Dia tidak salah. Ibu Siti tidak memakan racunnya.

Ibu Siti hanya berpura-pura. Dia memindahkan sup itu, mungkin saat Risa pura-pura menelepon. Dia hanya mengosongkan mangkuk yang pertama untuk membuat Risa percaya.

Risa merasakan dingin yang menusuk tulang.

Dia bukan menantu yang cerdik. Dia adalah mangsa yang jatuh ke perangkap.

Tiba-tiba, dari belakangnya, terdengar suara. Sangat dekat, sangat lembut.

“Risa. Sedang apa kamu di kamar Ibu?”

Risa berbalik dengan cepat, menjatuhkan wadah kaca itu hingga pecah di karpet.

Ibu Siti berdiri di ambang pintu, bersandar pada kusen. Dia tidak lagi terlihat tua dan lemah. Matanya tidak lagi polos. Matanya tajam, dingin, dan penuh perhitungan.

“Maafkan Ibu, Nak. Tapi Ibu selalu curiga, mengapa sup krim hari ini baunya aneh, dan mengapa kamu begitu mendesak Ibu untuk menghabiskannya.”

Risa tidak bisa bicara. Tubuhnya kaku, otaknya beku.

Ibu Siti berjalan masuk, melangkahi pecahan kaca dengan tenang. Dia menunjuk ke lemari.

“Semua sudah Ibu catat, Risa. Sejak kau memberikan ‘vitamin herbal’ yang pertama. Ibu tahu persis apa yang kamu lakukan.”

“Bu… Ibu salah paham,” Risa berhasil berbisik, suaranya serak.

Ibu Siti menggeleng, wajahnya sedih tapi tegas.

“Tidak ada yang salah paham, Nak. Semua sampel sudah dikirim. Ada bukti transfer untuk pembayaran tes lab. Ada juga rekaman suaramu yang meminta Rangga untuk ‘membiarkan saja’ Ibu tidur pulas.”

Ibu Siti mendekat.

“Kamu pikir, Ibu ini naif dan bodoh?
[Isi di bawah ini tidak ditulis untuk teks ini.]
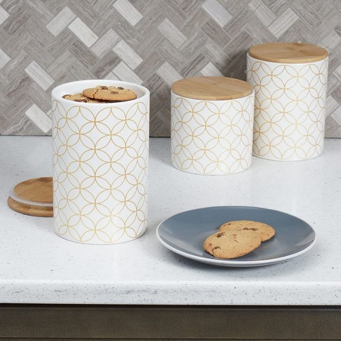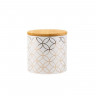 Контейнер для продуктов Constellation выполнен в стиле минимализм. Лаконичный дизайн придется по вкусу любителям изысканности и изящества. Органайзер станет поводом к радости любой девушки, ведь каждая хочет видеть свою кухню стильной. Данная банка высококачественная, приятная на ощупь, крепкая и долговечная в использовании. Это отличный вариант для хранения круп, специй, чая, кофе, печенья и других сыпучих продуктов. Емкость изготовлена из керамики и натурального дерева (бамбук). Емкость подходит не только для ежедневного использования, но и для сервировки праздничного стола.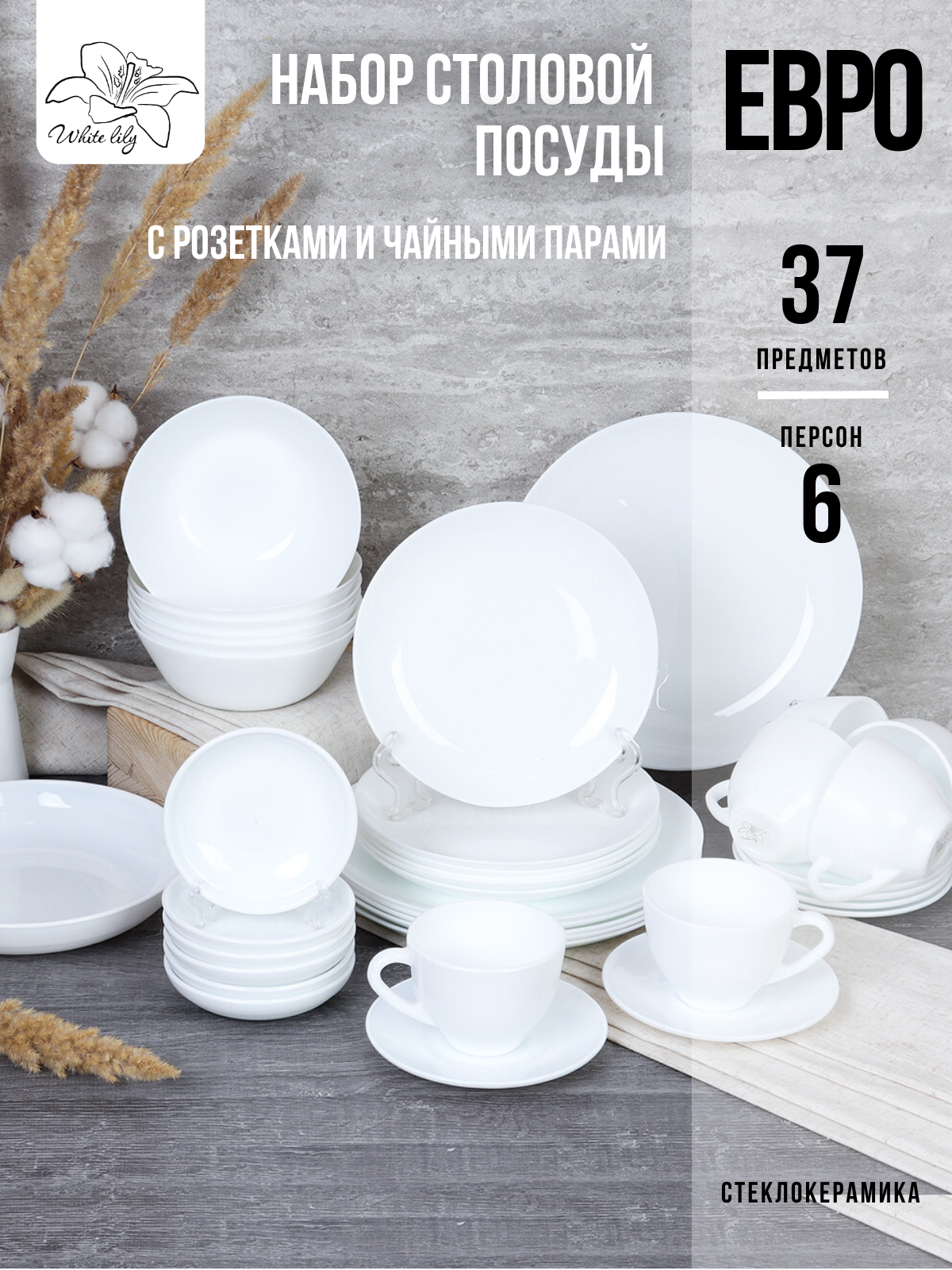 | Комплектация | набор столовой посуды - 37 предметов |

Kamu pikir Ibu akan menyerahkan rumah ini begitu saja kepada menantu yang berencana membunuh Ibu?”

“Aku… aku tidak bermaksud…” Risa mundur, tapi punggungnya membentur dinding.

Ibu Siti menyentuh dagu Risa, tatapannya menusuk.

“Dengar baik-baik, Risa. Kamu tidak sedang menghadapi mertua yang lemah. Kamu sedang menghadapi seseorang yang sudah melihat kematian dari dekat puluhan kali. Aku sudah mengurus perusahaan ayahmu selama dua puluh tahun, Risa. Aku tahu permainan kotor, penipuan, dan pengkhianatan.”

Risa terengah-engah.

“Tujuanmu jelas. Warisan. Tapi kamu lupa satu hal, Risa.”

Ibu Siti melangkah mundur, mengambil ponselnya yang ada di saku daster.

“Warisan itu baru bisa kamu dapatkan kalau aku meninggal.”

Ibu Siti menekan sebuah tombol, lalu mendekatkan ponsel itu ke telinganya.

Risa mendengar suara di seberang telepon. Itu bukan suara Rangga. Itu suara laki-laki formal, suara Polisi.

“Halo, Komandan. Ini Siti Raharjo. Saya ingin melaporkan percobaan pembunuhan terencana. Semua bukti, termasuk makanan yang diracuni, sudah saya amankan. Pelakunya ada di sebelah saya, sekarang.”

Ibu Siti menatap Risa dengan senyum dingin, senyum yang tidak pernah Risa lihat sebelumnya. Senyum seorang pemenang.

Risa menyadari. Sejak awal, dialah yang ada di dalam jebakan.

Ibu Siti mengucapkan kalimat terakhirnya, kalimat yang menghancurkan semua rencana Risa.

“Kamu bilang kamu menantu terbaik. Tapi ternyata, kamu hanya pembunuh amatir, Risa. Dan sekarang, permainanmu sudah selesai.”